2006
Extended Family
The last month has been the hardest I have ever had to live through. My father has been diagnosed with lung cancer, which has spread to his liver and bones. He took his first chemotherapy treatment last Wednesday. Each day has turned into a gift. I see things differently and have found myself reevaluating my thoughts and how I have lived in the past.
The brightest thing that has been able to shine through all this darkness is my friends. Friends who have become a part of my family. My mom and dad have never had a problem or issue with my being gay. Because of that they have taken in many of my gay friend whose parents do not agree with their sexuality. My Dad is just not my Dad, he is a Dad to all of them as well.

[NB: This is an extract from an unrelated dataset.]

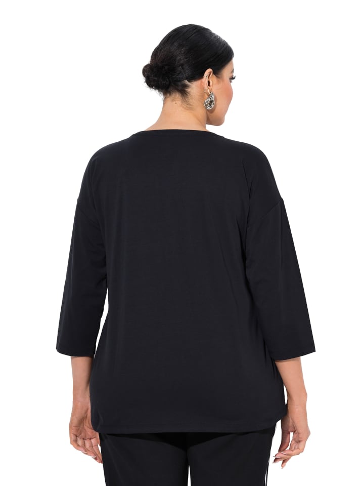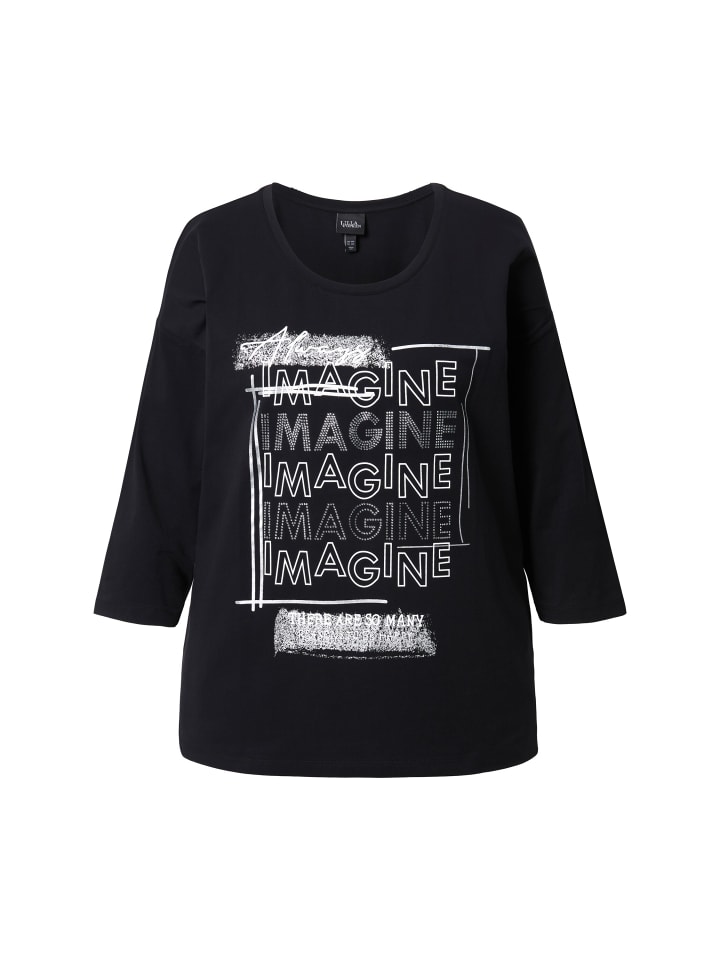 Футболка прямого кроя из мягкого трикотажа с принтом Imagine. Круглый вырез горловины. Рукава 3/4.
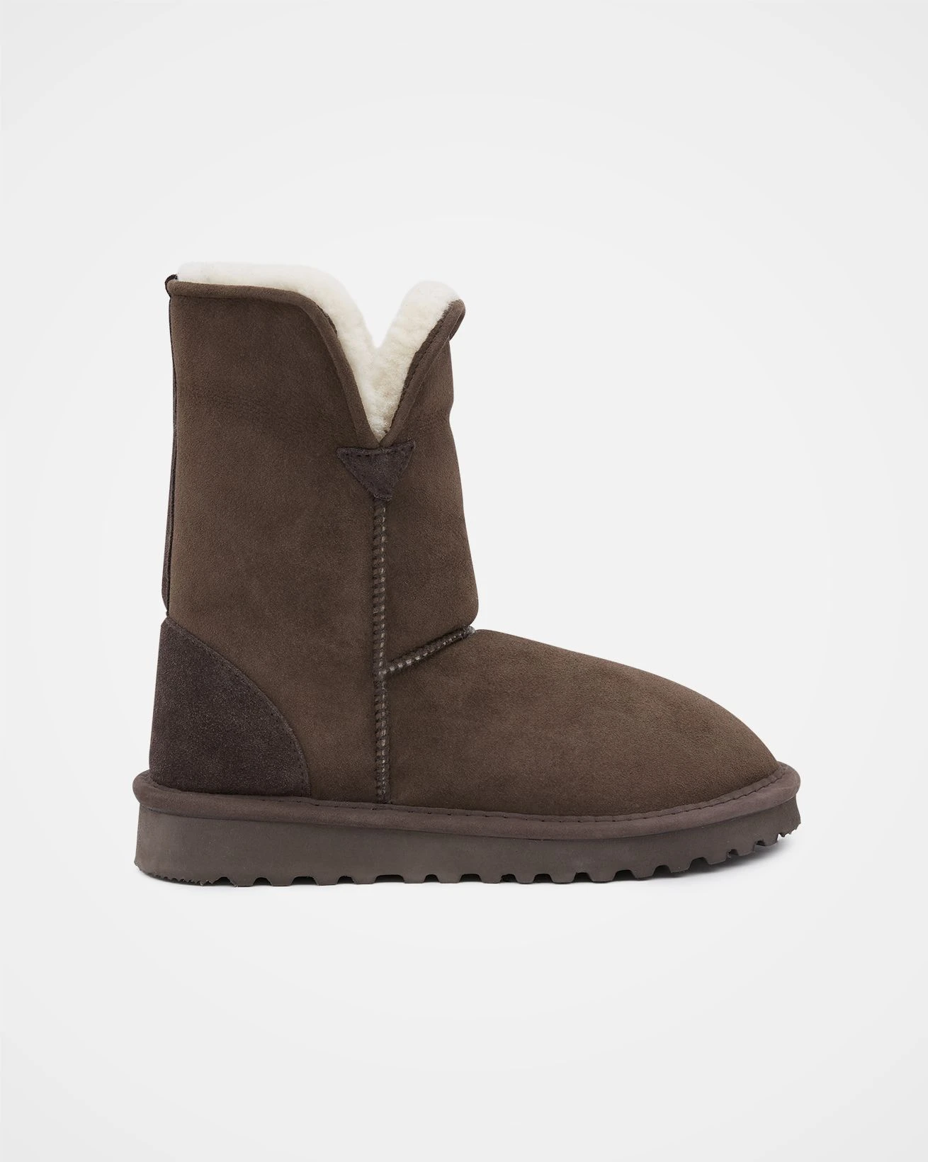 A new take on our bestselling celt boots with a stylish new shape, whilst still crafted from our classic double face shearling. New details include curved bound seams and a curve split side at the opening of the boot, allowing them to be worn folded down to show off the chic wool inner, or up for extra length and warmth.

I bitch about the drama. I say that I can’t stand the lesbian clique’s and all that they stand for. It makes me not want to go to pride or to the one lesbian bar we have that isn’t hours away. A few years ago I took on creating a lesbian online group. I ran it for 3 years, and at it’s peek it had over 1000 members. I had to stop, I couldn’t handle attempting to make everyone happy. I couldn’t handle the drama and the bullshit. The experience made me despise the same women I had worked so hard to bring together.
I’ve let all that bitterness go. Now I am thankful for the extended family that I have gained through it all. We become close because sometimes those that are supposed to love us no matter what don’t. We form bonds to replace those that we have lost along the way of letting the world know who we really are. I have acquired amazing friends along the way. I have gained a family that far surpasses the blood that flows through my veins. There is nothing like coming together and knowing that people are there for you. It’s unfortunate that sometimes it takes a tragedy to make that happen. But no matter what happens, it is a lesson I will never be able to thank them all enough. On behalf of my mom, brother, and dad, we couldn’t do this without them.